I know it’s a cliché, but hug your loved ones and tell them how much you love them. Every chance you get.

23 Comments

  1. Mom24

    I’m so very sorry. For all of it. It sounds trite, but it’s true. Be kind to yourself. Grief sucks.

  2. Mary K

    I only know you internetally, but please accept a warm hug from this stranger. This is all just SO MUCH. And you are SO WONDERFUL and SO VERY PRETTY.

    • Alison C

      So very sorry for your loss. I hope you get some quiet times soon

  3. Dawn

    You and your family have been through the wringer! Sincere condolences on the loss of your stepmother. I hope everything stays calm for the foreseeable. You all deserve some peace.

  4. Liz D

    (((Hugs)))

  5. Amy

    I am so very sorry for your loss. So sorry.

    • Lyss

      I’m so very, very sorry for your loss. Your stepmother’s warmth shone through in your writing over the years and I’m sure she will be missed by many.

  6. Lizneust

    I am so sorry, Mir. That is heartbreaking, and I am thinking of you, your dad, and your whole family. She was clearly a terrific woman.

  7. Jenny

    Sending love, Mir, I’m so sorry for your loss.

  8. Kendra

    I am so sorry for your loss. May a virtual hug from a stranger give you some warmth.

  9. StephLove

    That’s a lot, really a lot. I’m sorry for your loss and hope life looks up for you with the treatment.

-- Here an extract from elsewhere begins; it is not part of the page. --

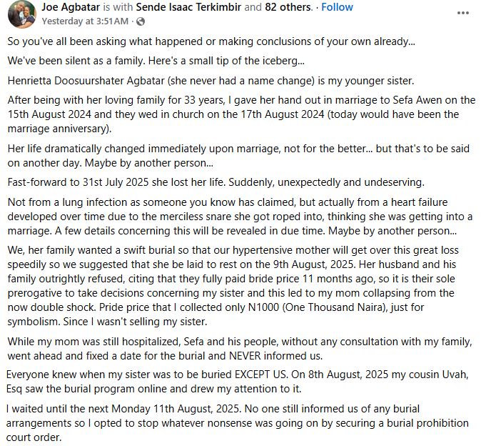 Speaking in a Facebook post on Sunday, August 17, 2025, Joe said his sister's husband, Sefa Awen, had claimed that Henrietta d!ed from a lung infection on July 31.

    I think it’s possible you ARE Barkley’s mom.

    • Mir

      If he wasn’t so LOUD and if Goose didn’t hate him (I think she dislikes him largely because he is so loud), maybe. But no.

  10. Jamie

    So, so much. Sending hugs, gluten free pastries, and vodka if you want it! I hope things slow down a bit for you.

  11. ccr in MA

    I’m so sorry about your stepmother. Y’all have been through A LOT lately and I hope karma gives you a break for the next little while. You need breathing time.

  12. Liz

    Thinking of you all, and sending hugs and love. I am so sorry for your loss. May the memory of your stepmom be a blessing.

  13. Chris

    I am very sorry for your family’s loss – I am glad you were able to go out and dont think you will regret that time even though the reentry was so very hard. Hope you are able to get some breathing room and time for rest and recovery.

  14. Chuck

    Wow, sorry to hear about all of this and very sorry for your loss…hope you recover from your bumps and bruises quickly and that Barkley finds a nice new furever home soon. Good luck with all the house stuff as well!

  15. Lee

    Life is so messy. And hard. I hope you’re feeling better soon, that Barkley helps you laugh a lot, and that the grief is very gentle with you. I’m sorry for your loss. <3

  16. Liz

    Ohhhhh, friend… that’s a lot… I’m so very sorry for your loss—sending you all the good juju, and many more virtual hugs, your way.

  17. Sandy

    You’ve been through so much this year, Mir! I’m sorry about your stepmother. She sounds like she was a wonderful woman. And I hope your dad gets through this with the help of family. It’s a blessing that you were able to go out and spend time with both of them. Now I hope you have time to rest up and recover yourself. (((Hugs)))

  18. Abbie

    That’s a lot of things happening all at once. Sending hugs. Be kind to yourself while you are grieving, and, well, always.

  19. Karen Broomfield

    So very sorry, Mir. Be kind to yourself. Sending hugs.

  20. Virginia L

    I’m so sorry for your loss, sounds like her memory is a blessing.